其之参 御所巻き【戰國篇・第三段】

 時を少し戻す。開戦の二日前のことである。

「細川殿!好機でござるぞ!」

 勝元邸を訪れたのは畠山政長である。彼は屋敷に上がるや否や靴も揃えずに細川勝元の御座所へとドタドタ足音を立て早足で廊下を行った。そして「御免」の一言も無く、勢いよく下を向き御簾を潜ると部屋の上座に居る人物、元管領 細川勝元に無礼にも唾を飛ばしながら半ば叫ぶ様にそう言った。

「何じゃ……何事かな?」

 勝元は顔の唾を右腕で拭いながら息を切らしている政長を見上げた。彼の言葉遣いは落ち着いていたが声が震えていた。

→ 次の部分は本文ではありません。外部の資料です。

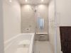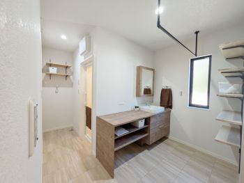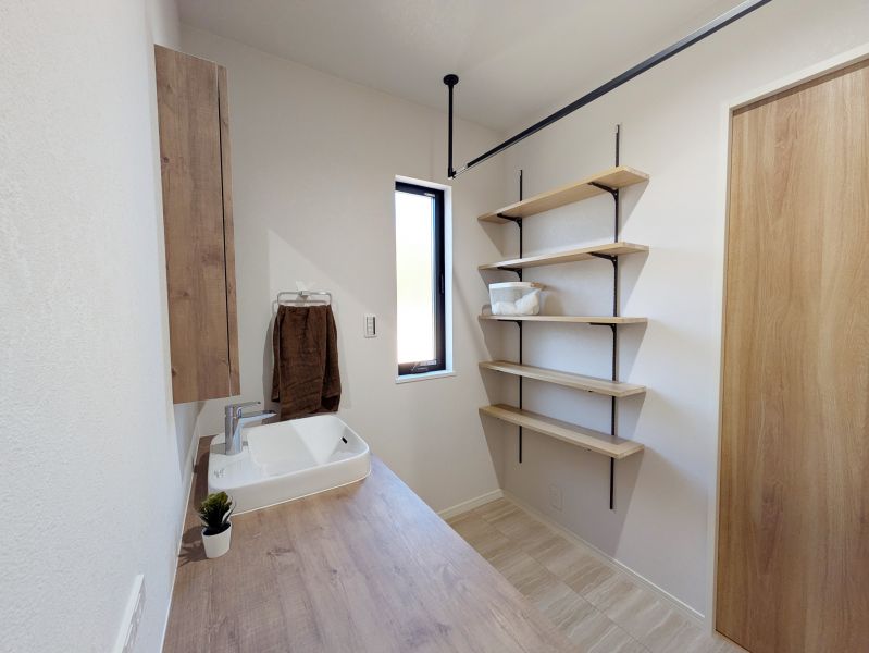 洗面室に便利な5段の壁付け棚を完備。家族全員のタオルや着替え、洗剤のストックまで、高さを活かしてスッキリ整理できます。

「宗全め……宗全めは今屋敷におりませぬ!御所巻きをするなら今が好機でございますぞ!」

「そうか。今は何処に?」

「その花の御所でわしから奪い取った椀飯の職をのうのうとこなしているところかと。今なら兵を動かしてもすぐそこの山名邸から迎撃される事は無い筈にございます。今こそ公方様に目を覚ましていただくときですぞ!」

「そうか。……そうかそうか。……そうか!……。」

 勝元は顔に満面の笑みを浮かべた。そしてすぐに立ち上がった。

「皆のもの!兼ねてより待ち望んできた時が今やってきたぞ!早々に戦支度をせいっ!急げ!」

 勝元は部屋中に響く程の大声を上げた。すると小姓たちが襖より出、「戦じゃ、戦じゃ」と叫びながら屋敷を駆け巡った。

「ではわしはこれで。御所にて会いましょう。」

「うむ。」

 勝元は力強く頷いた。政長もそれに応じて頷くとすぐさま「御免」と言い部屋を後にした。

 

 細川邸の敷地内にある仮の屋敷に着いた政長はすぐに藍韋肩赤縅の大鎧を着て縁側へと出た。その前の白州には既に家臣達や足軽頭、侍大将達が揃って鎧を着て集い、玉砂利を覆い隠していた。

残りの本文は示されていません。